Ainda nesta sexta-feira, no Espaço Claro de Conexões, dentro da programação do CineBH, a atriz Dira Paes e o ator Antônio Pitanga discutiram suas experiências na direção de filmes, com mediação do curador da CineBH, Marcelo Miranda. A conversa abordou a visão artística de ambos, tanto na frente quanto atrás das câmeras, e suas vivências no cinema brasileiro contemporâneo.

Pitanga dirigiu “Na Boca do Mundo” em 1978 e “Malês” em 2024.

Eles compartilharam como equilibram suas facetas criativas como intérpretes e diretores; os desafios de transitar entre essas funções e o processo de escrever e dirigir filmes nos quais atuam.

 

Confira uma entrevista com a diretora, roteirista e atriz, Dira Paes.

 

Como foi o processo de aprendizado e descoberta ao dirigir seu primeiro longa-metragem?

Ao dirigir “Pasárgada”, enfrentei o desafio de criar uma história e construir imagem e som. Utilizei o som para guiar a plateia e conduzir o olhar para Irene e sua história. Sou imensamente grata a todos que apoiam o cinema brasileiro. O cinema é um organismo vivo que ganha vida com a plateia, e vocês verão um pouco de mim e dos meus avessos. O filme foi filmado em dezembro de 2020, e ainda estou aprendendo a verbalizar e entender o significado do que criei. Reconheço os riscos envolvidos na realização de um filme e convido a plateia a apreciar essa jornada desafiadora.

 

O que te motivou a se tornar diretora, roteirista e produtora após tantos anos de carreira como atriz?
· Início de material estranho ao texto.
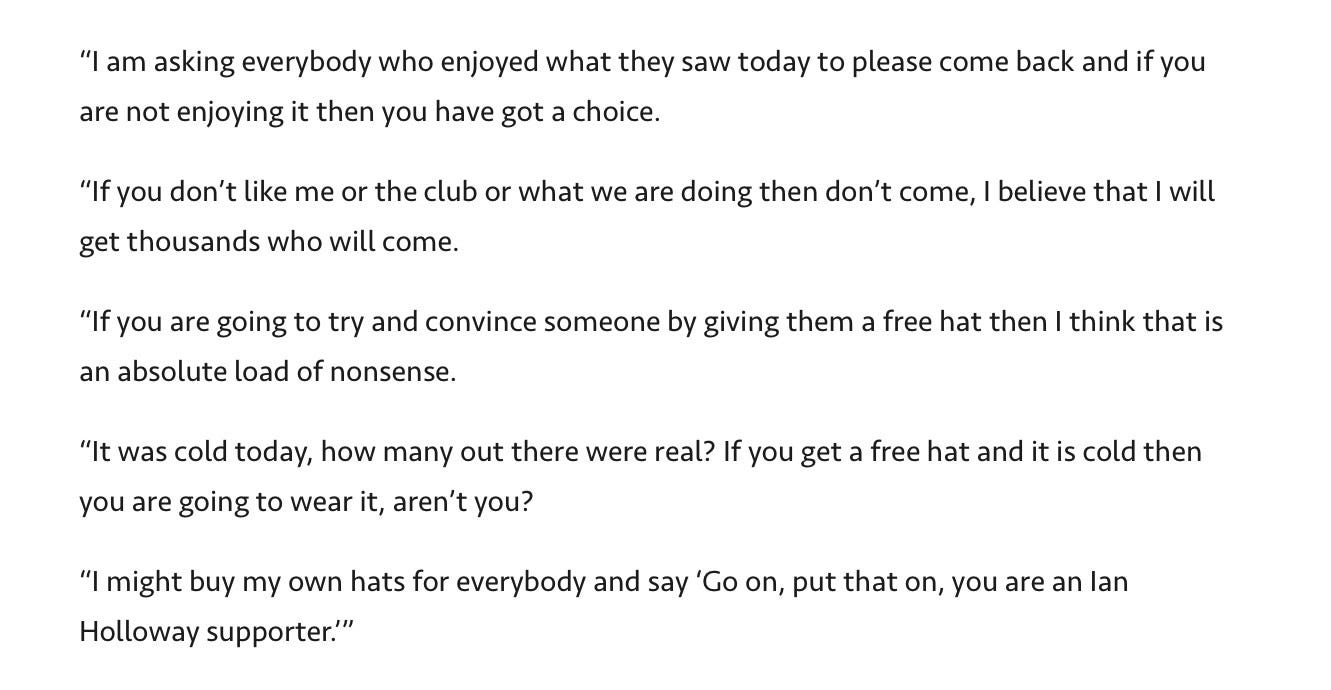 54) Ian Holloway following through on a great start at Swindon. He hasn’t always ‘got it’ since his arrival, dismissing the club’s fun rivalry with Gillingham (see above) and claiming that the 500 fans in orange hats protesting against Clem Morfuni’s ownership were just wearing them because it was cold, but you can’t argue with the results: from the start of December onwards, they were a top-three side for points per game.

Eu acho natural que atores e pessoas envolvidas com cinema queiram experienciar um projeto próprio. Durante a pandemia, com o tempo que tivemos, percebi que poderia fazer um filme, especialmente porque meu marido é diretor de fotografia. Queríamos marcar nossa vida com um projeto nosso, e a pandemia nos deu o tempo necessário para isso.

Durante a pesquisa, descobri que o tráfico de animais silvestres é o terceiro maior do mundo, atrás apenas de drogas e armas, e 80% dos animais contrabandeados são pássaros. Isso me tocou profundamente e me motivou a abordar esse tema no filme.

A personagem Irene é uma mulher madura, de 50 anos, que não sabe lidar com os afetos, o que contrasta com a expectativa de que mulheres tenham instinto maternal. Quis trazer essa perspectiva diferente. A maturidade pode nos fazer perder a poesia da vida, e o contato de Irene com a mata é, na verdade, um contato com ela mesma. Ela desperta para sua essência, mas talvez tarde demais.

 

Essa vivência te tornou uma artista mais completa, atuando e dirigindo ao mesmo tempo?

Quando escrevi o roteiro, já estava me forjando naquele espaço. Nunca deixo de ser atriz, mesmo fora do set. É uma organização mental que me mantém conectada e atenta. Na direção, especialmente nas minhas cenas, eu sentia quando algo estava bom. Perguntava ao Pablo se estava tudo certo, e ele confirmava. Com os outros atores, eu sempre verificava se estavam felizes e satisfeitos com as cenas. Confio na minha intuição e na conexão com os atores para garantir que tudo esteja funcionando bem.

 

E sobre o processo de montagem, como é ver o filme ganhar forma após todo o trabalho de escrita, atuação e direção?

Eu queria participar de todos os processos. Nunca tinha participado da montagem de um filme que me envolvesse diretamente. Foi fascinante ver o material ganhar corpo após escrever, construir a personagem, filmar nos locais e com as pessoas certas. Queria ter essa autonomia de voo, literalmente, porque é um projeto cultural que significa muito para mim.